→ **Dataset records**:

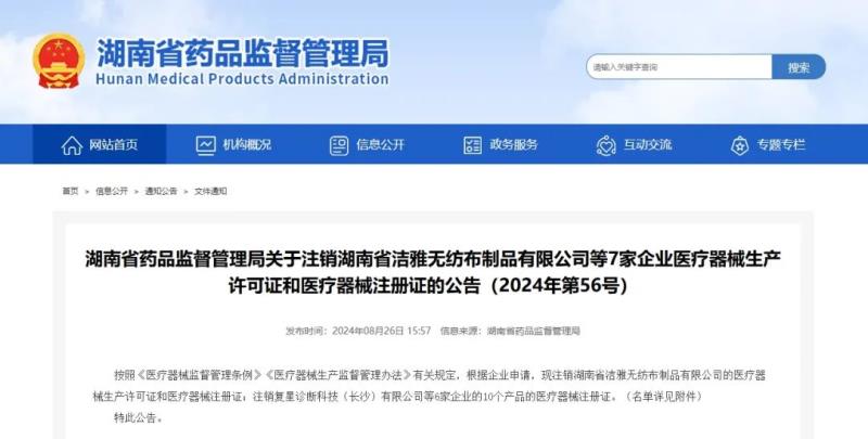 8月26日,湖南省藥監(jiān)局發(fā)布公告稱,按照《醫(yī)療器械監(jiān)督管理?xiàng)l例》《醫(yī)療器械生產(chǎn)監(jiān)督管理辦法》有關(guān)規(guī)定,根據(jù)企業(yè)申請,現(xiàn)注銷湖南省潔雅無紡布制品有限公司的醫(yī)療器械生產(chǎn)許可證和醫(yī)療器械注冊證;注銷復(fù)星診斷科技(長沙)有限公司6家企業(yè)的10個產(chǎn)品的醫(yī)療器械注冊證,具體明細(xì)如下:
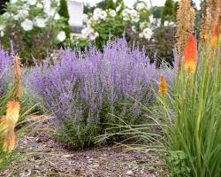 - 러시안 세이지(Russian Sage) — 보랏빛 꽃이 은은하게 피며 향기가 부드럽습니다. 내한성이 강하고 건조에도 강해 노지월동이 가능합니다.
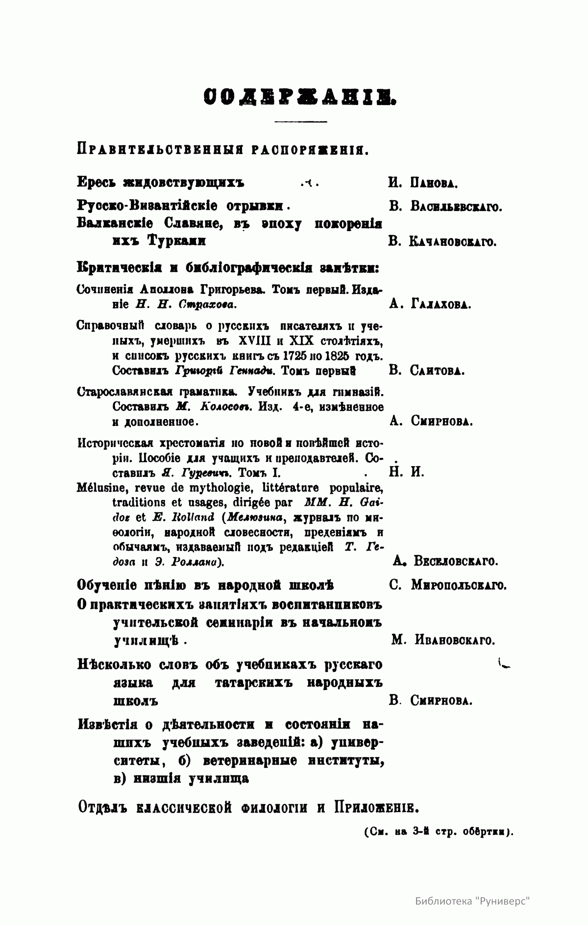 С 1864 года стали выходить указатели к повременным изданиям Министерства народного просвещения начиная с 1803 года.
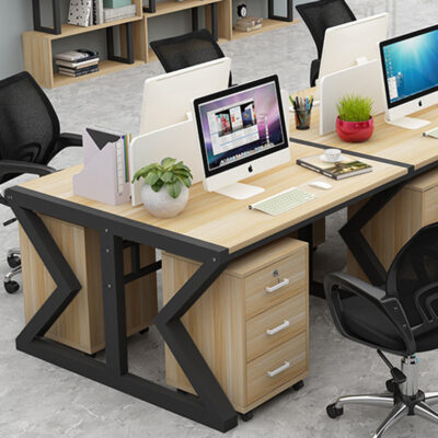 Bàn nhân viên gỗ thép đơn giản Bàn ghế nhân viên văn phòng 4 người kết hợp card màn hình bàn máy tính giá sỉ
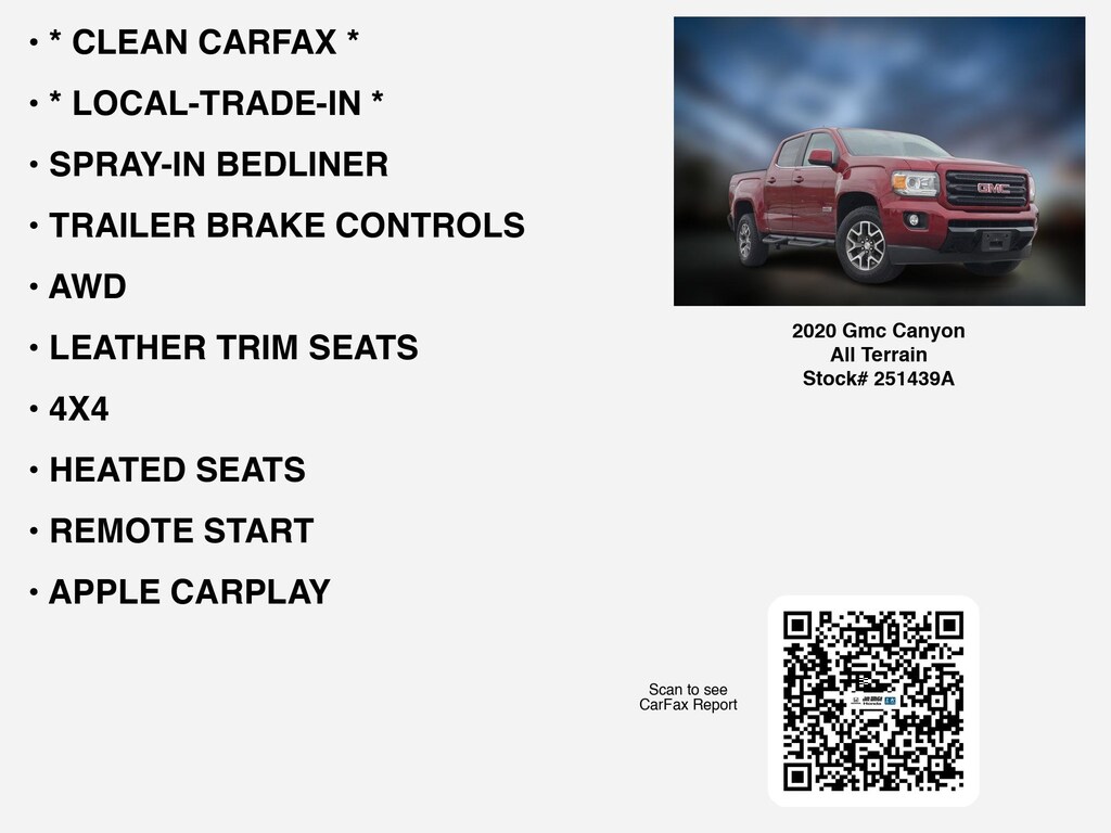 Please call 419-740-4925 anytime! for more info on this 2020 Gmc Canyon All Terrain. * CLEAN CARFAX *, * LOCAL-TRADE-IN *, LEATHER TRIM SEATS, AWD, TRAILER BRAKE CONTROLS, SPRAY-IN BEDLINER, 4X4, APPLE CARPLAY, REMOTE START, HEATED SEATS, ANDROID AUTO, TOW PKG, BED-LINER, ALLOY-WHEELS, TONNEAU-COVER, HEATED-STEERING WHEEL, BACKUP CAMERA, RUNNING-BOARDS, BLUETOOTH, WiFi Hotspot, SiriusXM, Remote entry, Dual Power Seats, usb, Fog Lamps that Toledo and Perrysburg drivers expect.

→ **Activity**: Copy the lines above between the one holding "- 러시안 세이지(Russian" and the one holding "С 1864 года", inclusive. Drop the pictures.

→ **Solution to the exercise**:
 - 러시안 세이지(Russian Sage) — 보랏빛 꽃이 은은하게 피며 향기가 부드럽습니다. 내한성이 강하고 건조에도 강해 노지월동이 가능합니다.
 С 1864 года стали выходить указатели к повременным изданиям Министерства народного просвещения начиная с 1803 года.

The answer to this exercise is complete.